Michael Diamond

 

The Repair of Midnight

The broken landscape, twigs on a stone, a body shrouded and unshrouded by mist. Paradise, by some manner of reckoning. A stark beauty beckons those who would enter. Who shall pass? In the holy language it is called garden. A garden that has known the touch of no gardener. Midnight, a garden in time, when one day becomes another, the tipping point of night.

In the hallway of my beloved’s house there are many doors. A guardian crouches alert, awaiting some sign of direction, a crack in the door. Muffled voices, filtered light and shadow, crumbs. Fleeting memories of everything that was, is, or ever shall be, destroyed. The blink of an eye.

Who shall ascend the staircase to the landing, the space between the quotidien and the nocturnal? The thousand’s for the gardener to haul away debris, the season of our neglect, bare earth.

The four women who entered midnight. One awakened, changed her clocks and hung out the laundry. One prepared the pump of the elixir for her essential sweetness. One slept through, grandchildren tucked away. And one also slept, her Zuzu snugly in her crate.

There is no flaw in them, the waters of Babylon notwithstanding. Yes, the Holy Temple still lies in ruins. Yes, diaspora. All may pass for destroyers, though each one is destroyed. Yes.

The repair of midnight’s garden requires nothing–no tools, no seeds, no amendments for the soil. Nothing, that impossible nothing. Neither ghost, nor machine, nor clockwork, nor gear. Nothing.

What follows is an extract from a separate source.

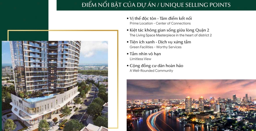 Căn hộ Thảo Điền Green Towers Quận 2 là một dự án hiện đại, sang trọng tọa lạc tại vị trí đẹp và được đánh giá cao với khả năng sinh lợi nhuận. Như chúng ta đã biết quỹ đất khu Thảo Điền Quận 2 gần như cạn kiệt, Thảo Điền cũng là nơi quy tụ lượng lớn cư dân nằm trong giới tri thức giàu có, tầng lớp dân trí cao, cộng đồng cư dân đẳng cấp văn minh, kinh doanh lớn, chủ yếu là giới trung và thượng lưu, hầu hết họ là doanh nhân lớn, các doanh nhân, chuyên gia nước ngoài đến đây sinh sống, một nơi được đánh giá đẳng cấp nhất Sài Gòn. Chọn lựa Thảo Điền Green bạn có thể thay đổi hoàn toàn cuộc sống của mình, có nhiều cơ hội gặp gỡ, giao lưu, kết giao thêm bạn bè là những người cùng “đẳng cấp” với mình, ngoài ra có thể là đối tác làm ăn tiềm năng. Không chỉ làm quen được với cư dân văn minh đẳng cấp giàu có, đa văn hoá, đa ngôn ngữ, mà còn là kiến tạo một môi trường sống xanh, sạch, hiện đại. Sở hữu vị trí đắt giá hiếm hoi còn sót lại của khu nhà giàu, từ dự án cư dân có thể nhanh chóng kết nối ra Xa lộ Hà Nội, đại lộ Mai Chí Thọ, có tốc Long Thành – Dầu Giây…tương lai là gần tuyến Metro Bến Thành – Suối Tiên.

Sometimes a ruin is just a ruin, neither picturesque nor heartrending, merely evidence of what was and is no longer. The heart must turn itself to the garden, its hard edge to the recalcitrant soil. Open.

 Open to the walking, the connecting, the network of the heart captures song and instruction. There is a ladder in the garden. They say that angels once tread its rungs.

 Compost and composition, the fallout from a year of seeking protection. What is lost? The tang of cumin is now stale urine. Yes, a loss, yet what remains is the holy scent of anointment.